ALBAWABA – Almost all major crude and gas companies are developing new fields that the International Energy Agency (IEA) consider unnecessary, even as oil prices fluctuate over tighter supply and growing demand worldwide.
This comes as IEA’s forecasts are finally aligning with those of the Organization of Petroleum Exporting Countries and its allies (OPEC+) for stronger global oil demand towards the end of 2023.
Germany's Urgewald, along with 50 other NGOs, analysed the investment plans of 1,623 companies involved in the oil and gas, representing 95 percent of the global hydrocarbon industry.
Of the 700 companies that produce oil and gas, 96 percent are developing or plan to develop new fields, the Global Oil and Gas Exit List (GOGEL) said, as reported by Agence France-Presse (AFP).

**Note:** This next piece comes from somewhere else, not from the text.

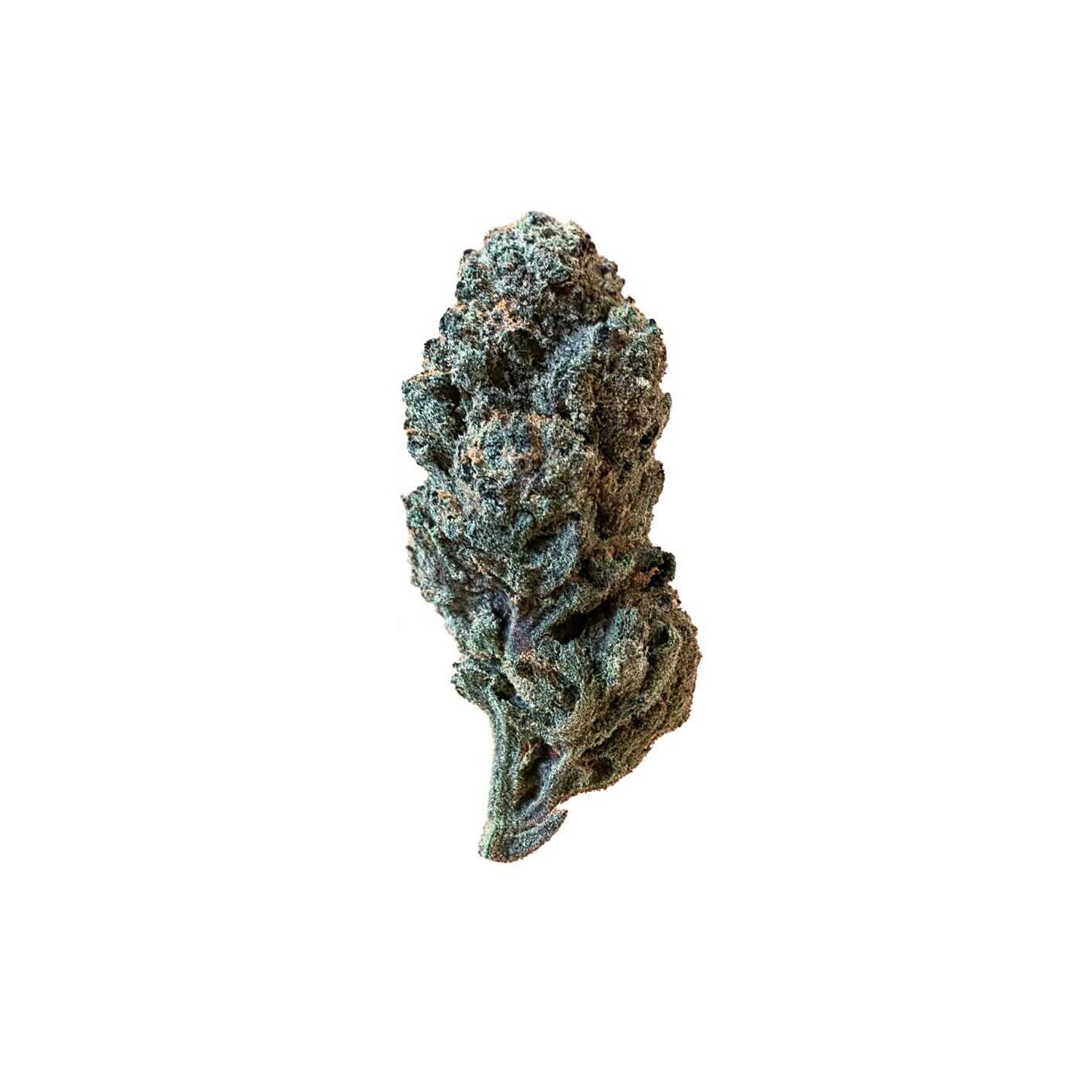 Appearance: Long, conical buds in neon green with deep purple undertones, thick orange pistils, and a sparkling layer of resinous trichomes
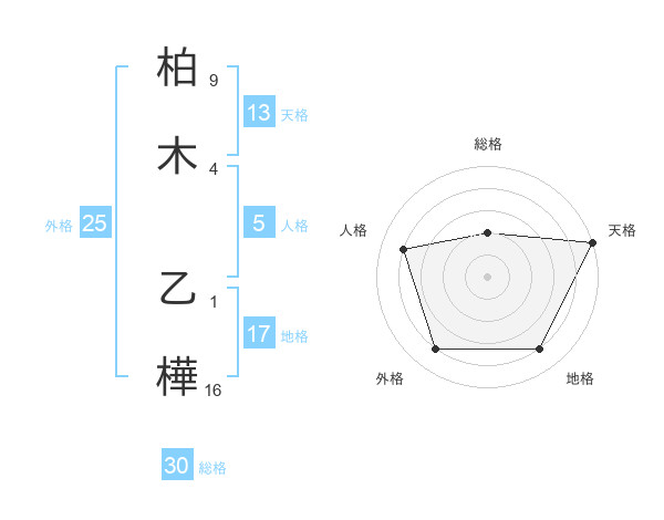 柏木 乙樺さんの天格は13画の5点!

Spending on new oil and gas fields has risen 31 percent since 2021, with the companies investing a total $170.4 billion during that period, according to AFP.
However, the IEA said in September that given the development of renewable energies, there is no need to invest in new reserves of coal, oil or natural gas.
Since then, oil prices have retreated below the $100-threshold, for the most part, but fears of further tightening supplies, against stronger demand fan the fire of concern.

All of the major oil companies, including shell, are investing in hydrocarbon fields to diversify sources as oil prices fluctuate due to tightening supplies after Saudi Arabia and Russia announced maintaining cuts until the end of the year - Shutterstock
Oil prices rose Wednesday on the heels of stronger-than-expected economic data from China, and prospects of the Chinese economy recovering seemed more viable, with economists expecting the world’s second-largest economy to hit its 5 percent growth target for 2023. Especially after the government announced it is considering additional funds to support the debt-laden property sector.
Meanwhile, Saudi Arabia and Russia have both announced maintaining oil cuts until the end of the year, which is tightening supply and bolstering oil prices.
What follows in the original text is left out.